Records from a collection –

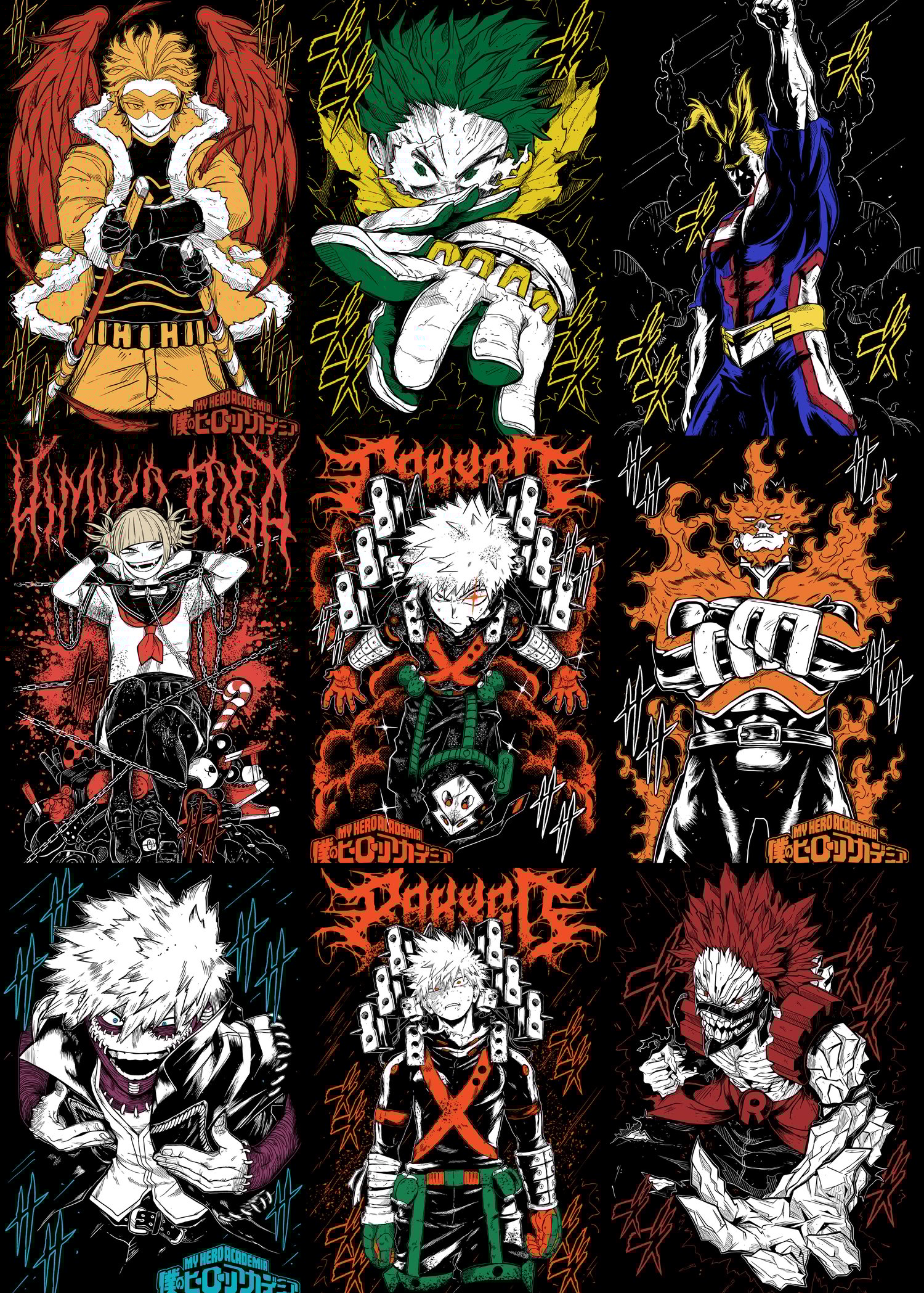 Diseño digital en alta resolución, inspirado en la fuerza, el estilo y la oscuridad de los personajes más icónicos de My Hero Academia: Hawks, Deku, All Might, Toga, Bakugo, Endeavor, Dabi, Red Riot.
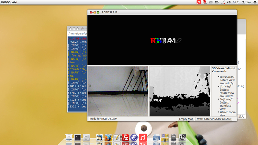 RGB-D-SLAM-V2程序是由F. Endres大大写的。论文见[1]。为什么首先选这个程序呢?因为它的原理在我们前面的博客中介绍过了。它是一个基于深度相机、Pose graph (图优化)的程序,后端用的是g2o。另一方面,它的代码直接兼容 ROS hydro版,基本不用配置就可以运行,非常方便。下面我们一步步地教大家运行这个程序:
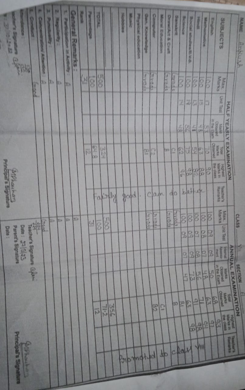 | Exam | Full Marks | Pass Marks | Marks Obtained |
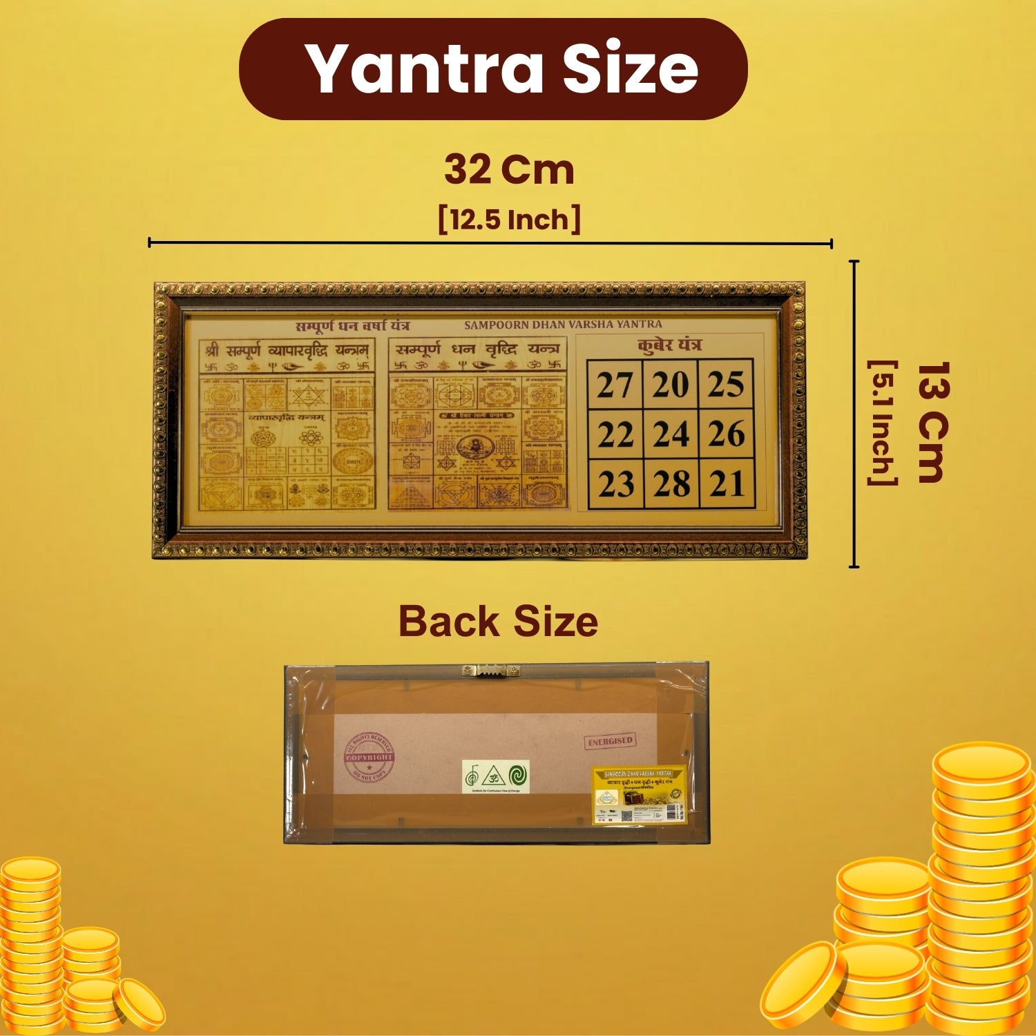 Yantra energized the place where it is placed. It get energized with the rising sun and with the divine vibrations of the North & North-East area and provides positive transformation energy through its mystical geometry.
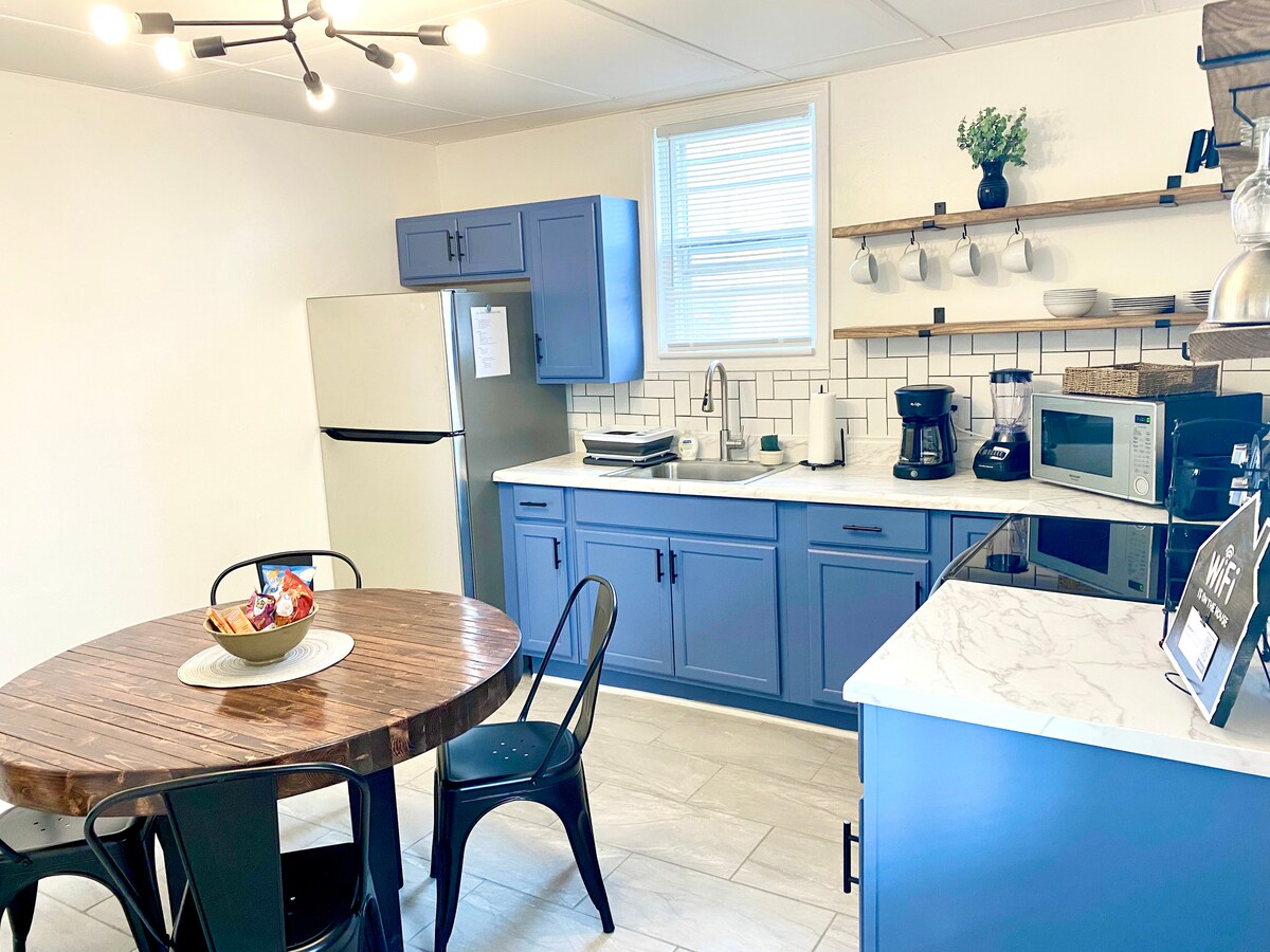 *NOW WITH FREE ON-SITE PARKING* Welcome to our charming, historic, and newly renovated one-bedroom ground floor apartment nestled in the heart of downtown Roanoke, Virginia. This exquisite property is a stone's throw away from a plethora of local breweries and restaurants, making it an ideal location for foodies and craft beer enthusiasts alike. It is fully equipped for a quick overnight business trip or a long term stay. The unit comfortably sleeps 4 with a king size bed and sleeper sofa.

Exercise –
Excluding the pictures, write out exactly the lines from the line that contains "Yantra energized the" through the end of the records.

Exercise answer –
 Yantra energized the place where it is placed. It get energized with the rising sun and with the divine vibrations of the North & North-East area and provides positive transformation energy through its mystical geometry.
 *NOW WITH FREE ON-SITE PARKING* Welcome to our charming, historic, and newly renovated one-bedroom ground floor apartment nestled in the heart of downtown Roanoke, Virginia. This exquisite property is a stone's throw away from a plethora of local breweries and restaurants, making it an ideal location for foodies and craft beer enthusiasts alike. It is fully equipped for a quick overnight business trip or a long term stay. The unit comfortably sleeps 4 with a king size bed and sleeper sofa.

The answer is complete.